§ **YOUR INSTRUCTIONS**:
Copy out the data in full and exactly, passing over the pictures.

(DATA EXCERPT)

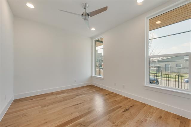 NEW 2024 CONSTRUCTION - 3 BEDROOM SMART HOME WITH ROOFTOP DECK & SKYLINE VIEWS New construction completed in 2024. This 3 bedroom, 3.5 bath fully smart home offers hardwood floors throughout, high ceilings, solid-core doors, and oversized windows with impressive Dallas skyline views. Open-concept living area flows into a modern kitchen featuring Bosch appliances, including a smart refrigerator, and high-efficiency systems throughout. All four bedrooms include private en-suite bathrooms with smart LED mirrors, plus a half bath on the main living level for guests. Enjoy outdoor living and entertaining on the expansive rooftop deck with full utility connections. Designed for energy efficiency with double-pane windows, reversible ceiling fans, a tankless water heater, and smart LG washer and dryer. Enhanced security features include a gated garage, gated front porch, keyless entry with remote locks, and front and rear video monitoring with alerts. Prime location minutes from Downtown Dallas, Uptown, major highways, and the Dallas North Tollway, offering excellent access to shopping, dining, and employment centers. Rental requirements: Income 3x rent, 700+ credit score, no eviction or criminal history. PS - Furniture, decorations, wallpapers, draperies, etc. are tenant-owned and negotiable. Otherwise, the home will largely return to the original pictured layout.
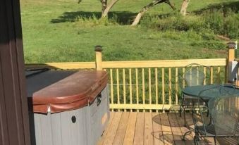 Great patio with a bistro table with amazing views of the sunrise and sunset and of course our friendly horses! You can even pet our horses from sitting in the hot tub.
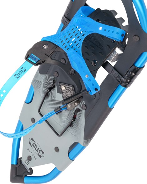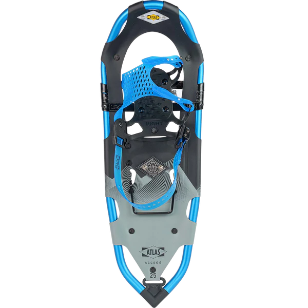 The classic tubular-frame snowshoe in Atlas's Trail Walking category, the Access shines on mellower terrain by making your strides feel as natural and effortless as possible. This is accomplished by the innovative technology behind the Access’s frame and suspension system. The turned-up tail of the V-Frame rolls easily into each step for a smooth gait, while the patented Light-Ride™ Suspension allows your foot to articulate naturally and cushions impact for smooth striding on hikes that are flat or have little elevation change. For the traction needed for a stable snowshoeing experience, the Access features the Twin-Trac™ toe crampon that provides grip in all directions as well as Advanced Aft Traction which integrates the sharp-tipped heel cleat with the heel lift for deeper snow penetration. The intuitive Wrapp™ Stretch binding rounds out the design providing a comfortable and secure fit with a simple and intuitive two-buckle closure allowing for an easy entry and exit.

(End DATA EXCERPT)

§ **EXERCISE RESULT**:
 NEW 2024 CONSTRUCTION - 3 BEDROOM SMART HOME WITH ROOFTOP DECK & SKYLINE VIEWS New construction completed in 2024. This 3 bedroom, 3.5 bath fully smart home offers hardwood floors throughout, high ceilings, solid-core doors, and oversized windows with impressive Dallas skyline views. Open-concept living area flows into a modern kitchen featuring Bosch appliances, including a smart refrigerator, and high-efficiency systems throughout. All four bedrooms include private en-suite bathrooms with smart LED mirrors, plus a half bath on the main living level for guests. Enjoy outdoor living and entertaining on the expansive rooftop deck with full utility connections. Designed for energy efficiency with double-pane windows, reversible ceiling fans, a tankless water heater, and smart LG washer and dryer. Enhanced security features include a gated garage, gated front porch, keyless entry with remote locks, and front and rear video monitoring with alerts. Prime location minutes from Downtown Dallas, Uptown, major highways, and the Dallas North Tollway, offering excellent access to shopping, dining, and employment centers. Rental requirements: Income 3x rent, 700+ credit score, no eviction or criminal history. PS - Furniture, decorations, wallpapers, draperies, etc. are tenant-owned and negotiable. Otherwise, the home will largely return to the original pictured layout.
 Great patio with a bistro table with amazing views of the sunrise and sunset and of course our friendly horses! You can even pet our horses from sitting in the hot tub.
 The classic tubular-frame snowshoe in Atlas's Trail Walking category, the Access shines on mellower terrain by making your strides feel as natural and effortless as possible. This is accomplished by the innovative technology behind the Access’s frame and suspension system. The turned-up tail of the V-Frame rolls easily into each step for a smooth gait, while the patented Light-Ride™ Suspension allows your foot to articulate naturally and cushions impact for smooth striding on hikes that are flat or have little elevation change. For the traction needed for a stable snowshoeing experience, the Access features the Twin-Trac™ toe crampon that provides grip in all directions as well as Advanced Aft Traction which integrates the sharp-tipped heel cleat with the heel lift for deeper snow penetration. The intuitive Wrapp™ Stretch binding rounds out the design providing a comfortable and secure fit with a simple and intuitive two-buckle closure allowing for an easy entry and exit.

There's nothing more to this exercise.